From the line that contains "- Met een hoesje" through the line that contains "Cán bộ công ty TSL", output every line of the listing below exactly and leave out all the rest.

— PROVIDED DATA —
-.-.-

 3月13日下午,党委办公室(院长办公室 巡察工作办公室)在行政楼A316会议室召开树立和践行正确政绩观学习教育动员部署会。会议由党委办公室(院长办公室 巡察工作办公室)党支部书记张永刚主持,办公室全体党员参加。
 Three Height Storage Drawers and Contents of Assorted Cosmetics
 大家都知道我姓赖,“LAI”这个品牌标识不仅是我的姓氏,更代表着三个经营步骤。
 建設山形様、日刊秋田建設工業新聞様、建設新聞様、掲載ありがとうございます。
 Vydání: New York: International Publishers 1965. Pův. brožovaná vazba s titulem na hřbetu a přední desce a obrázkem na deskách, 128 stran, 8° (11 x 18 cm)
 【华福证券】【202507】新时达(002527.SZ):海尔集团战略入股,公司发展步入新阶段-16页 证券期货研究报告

-.-.-

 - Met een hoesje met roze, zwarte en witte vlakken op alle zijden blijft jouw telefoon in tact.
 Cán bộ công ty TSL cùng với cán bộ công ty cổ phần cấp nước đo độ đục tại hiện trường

-.-.-

— YOUR SOLUTION —
 - Met een hoesje met roze, zwarte en witte vlakken op alle zijden blijft jouw telefoon in tact.
 Cán bộ công ty TSL cùng với cán bộ công ty cổ phần cấp nước đo độ đục tại hiện trường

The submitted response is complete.